The expected result is the segment of the entries that begins with the line containing "March 25, 2026" and ends with the last line, copied verbatim.
Segment Start: Extracted entries
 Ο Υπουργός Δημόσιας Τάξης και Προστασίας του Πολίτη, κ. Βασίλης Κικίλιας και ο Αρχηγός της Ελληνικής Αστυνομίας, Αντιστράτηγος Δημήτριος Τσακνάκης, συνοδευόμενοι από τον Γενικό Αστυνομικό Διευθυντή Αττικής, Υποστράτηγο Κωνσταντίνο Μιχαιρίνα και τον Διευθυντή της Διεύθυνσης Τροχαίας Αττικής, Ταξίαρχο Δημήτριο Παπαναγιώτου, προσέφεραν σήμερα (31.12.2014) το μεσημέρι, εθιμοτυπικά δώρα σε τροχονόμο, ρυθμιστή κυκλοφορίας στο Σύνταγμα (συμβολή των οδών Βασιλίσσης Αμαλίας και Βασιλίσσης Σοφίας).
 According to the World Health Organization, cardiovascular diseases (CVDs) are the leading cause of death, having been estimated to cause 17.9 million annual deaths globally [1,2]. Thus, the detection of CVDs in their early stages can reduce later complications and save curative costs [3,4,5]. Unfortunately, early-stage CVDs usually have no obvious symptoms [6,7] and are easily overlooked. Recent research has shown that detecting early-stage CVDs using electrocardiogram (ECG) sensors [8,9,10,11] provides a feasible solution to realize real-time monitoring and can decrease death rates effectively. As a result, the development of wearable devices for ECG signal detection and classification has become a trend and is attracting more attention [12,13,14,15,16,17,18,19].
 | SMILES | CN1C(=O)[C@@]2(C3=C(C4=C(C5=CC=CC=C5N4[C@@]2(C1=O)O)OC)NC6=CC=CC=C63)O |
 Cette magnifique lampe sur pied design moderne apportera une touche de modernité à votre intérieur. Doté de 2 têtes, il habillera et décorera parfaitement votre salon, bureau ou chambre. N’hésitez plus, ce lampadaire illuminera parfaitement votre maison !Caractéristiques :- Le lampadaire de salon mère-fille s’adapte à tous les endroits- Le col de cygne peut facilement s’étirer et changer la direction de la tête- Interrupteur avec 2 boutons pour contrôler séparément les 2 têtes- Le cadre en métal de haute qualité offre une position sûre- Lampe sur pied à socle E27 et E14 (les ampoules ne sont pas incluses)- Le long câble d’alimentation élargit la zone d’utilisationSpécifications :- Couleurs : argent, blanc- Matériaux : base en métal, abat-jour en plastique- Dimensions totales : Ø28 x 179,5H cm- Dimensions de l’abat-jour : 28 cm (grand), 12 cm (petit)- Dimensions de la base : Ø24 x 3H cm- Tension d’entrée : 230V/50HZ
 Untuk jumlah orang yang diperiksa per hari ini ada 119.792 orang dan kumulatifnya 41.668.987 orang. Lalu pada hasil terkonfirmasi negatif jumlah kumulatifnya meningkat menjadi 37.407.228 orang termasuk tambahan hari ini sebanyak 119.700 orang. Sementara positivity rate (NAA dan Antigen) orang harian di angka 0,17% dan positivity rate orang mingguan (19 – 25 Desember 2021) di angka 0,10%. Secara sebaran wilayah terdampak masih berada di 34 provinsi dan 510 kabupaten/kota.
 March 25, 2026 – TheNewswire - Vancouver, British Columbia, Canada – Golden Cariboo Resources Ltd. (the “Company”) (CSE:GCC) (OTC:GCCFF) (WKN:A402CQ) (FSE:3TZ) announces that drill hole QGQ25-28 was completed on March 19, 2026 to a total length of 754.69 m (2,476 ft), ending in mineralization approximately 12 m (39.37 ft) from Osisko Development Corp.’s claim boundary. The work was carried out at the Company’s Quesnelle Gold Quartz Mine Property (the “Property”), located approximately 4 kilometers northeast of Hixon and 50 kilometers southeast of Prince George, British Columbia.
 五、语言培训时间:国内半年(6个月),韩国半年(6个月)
Segment End: Extracted entries
§ **Reply**
 March 25, 2026 – TheNewswire - Vancouver, British Columbia, Canada – Golden Cariboo Resources Ltd. (the “Company”) (CSE:GCC) (OTC:GCCFF) (WKN:A402CQ) (FSE:3TZ) announces that drill hole QGQ25-28 was completed on March 19, 2026 to a total length of 754.69 m (2,476 ft), ending in mineralization approximately 12 m (39.37 ft) from Osisko Development Corp.’s claim boundary. The work was carried out at the Company’s Quesnelle Gold Quartz Mine Property (the “Property”), located approximately 4 kilometers northeast of Hixon and 50 kilometers southeast of Prince George, British Columbia.
 五、语言培训时间:国内半年(6个月),韩国半年(6个月)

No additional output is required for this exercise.